Williams is doing what he can to lead that change. Alyx uses materials such as recycled nylon and cotton; leather pieces are created with DriTan, a technology that uses next to no water during the dyeing process. Most impressive is the brand’s recent pilot project using IOTA Foundation’s blockchain, a digital ledger that cannot be copied or edited. His spring/summer 2019 collection featured 15 items with scannable QR codes that track everyone involved in the production process and show the entire supply history, from raw materials to finished product. The goal is for everything it makes to eventually have this transparency.
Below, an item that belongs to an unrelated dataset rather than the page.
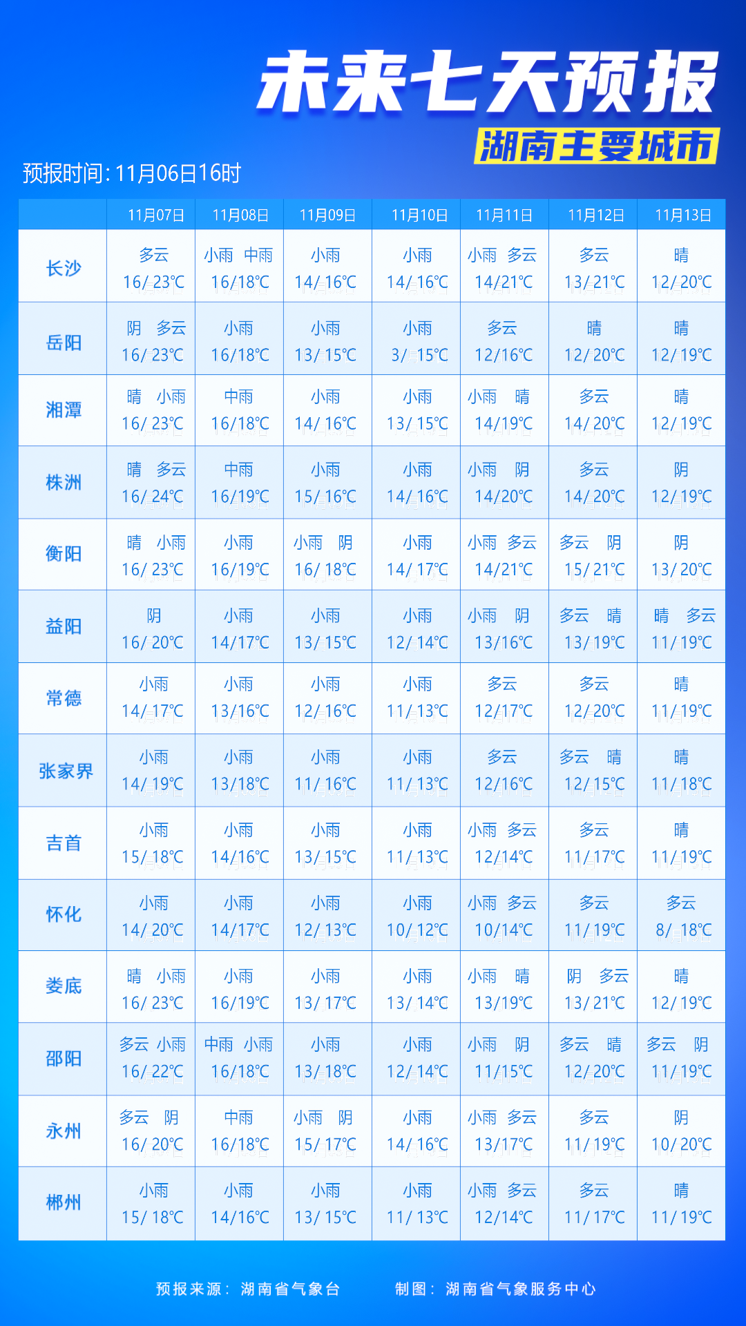 2025-11-07 08:31:08          来源:湖南省气象台、长沙气象、中国天气网 | 编辑:朱柯源 |          浏览量:1910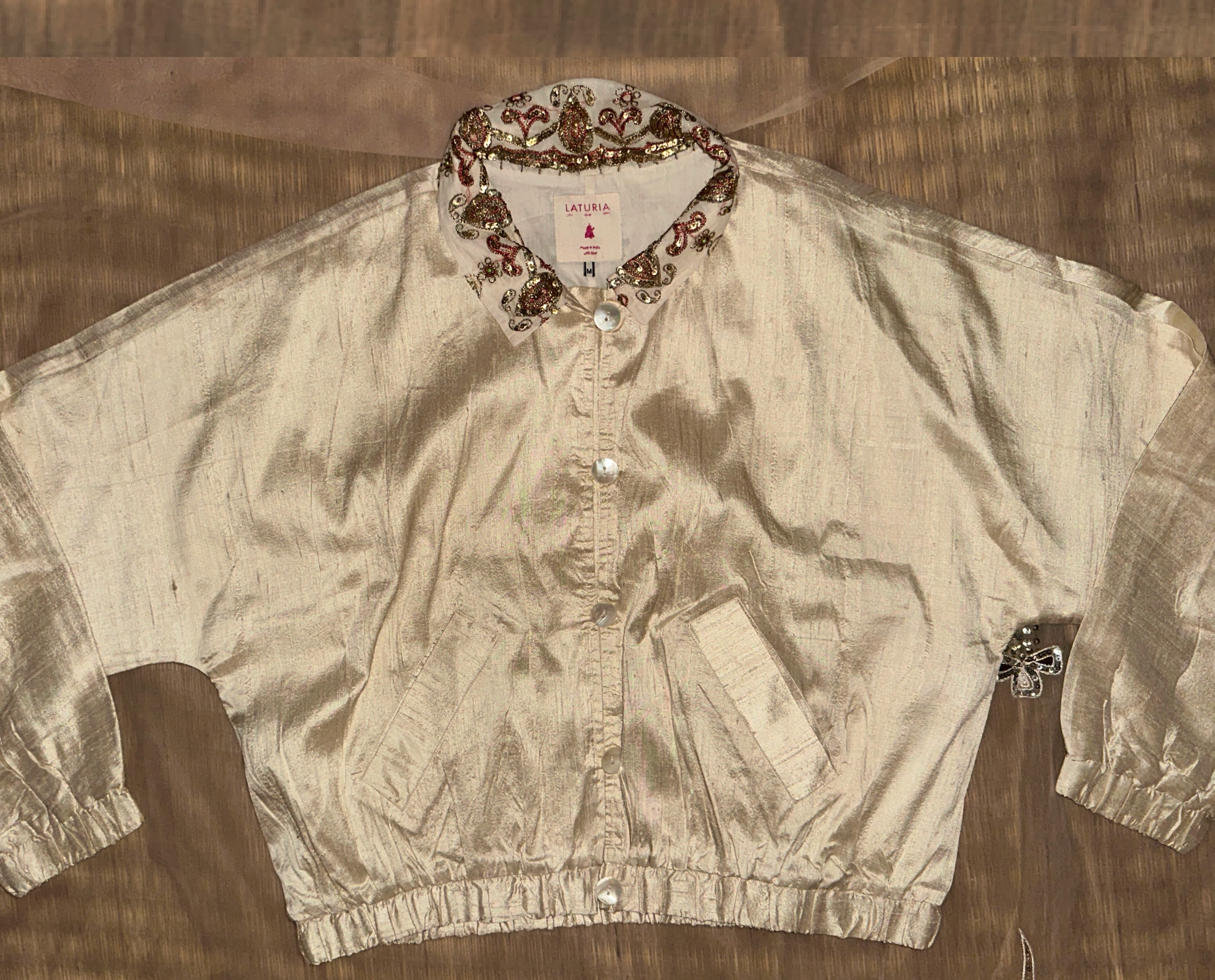Roshni Cream Silk Bomber Jacket

When I ask Williams what excites him about designing with sustainability as a top priority, he says: “That making fashion could have some greater social purpose to the world and our lives. There was a point where it was like, ‘Okay, there is so much that’s amazing about the beauty and the energy of fashion,’ but when you start to hear about climate change and flooding and crops not being able to grow, you think: ‘Should I be doing something else? Is there something more impactful to my existence?’ I just felt that if I didn’t do this, then it wasn’t worth doing my job anymore. If not me, then who?”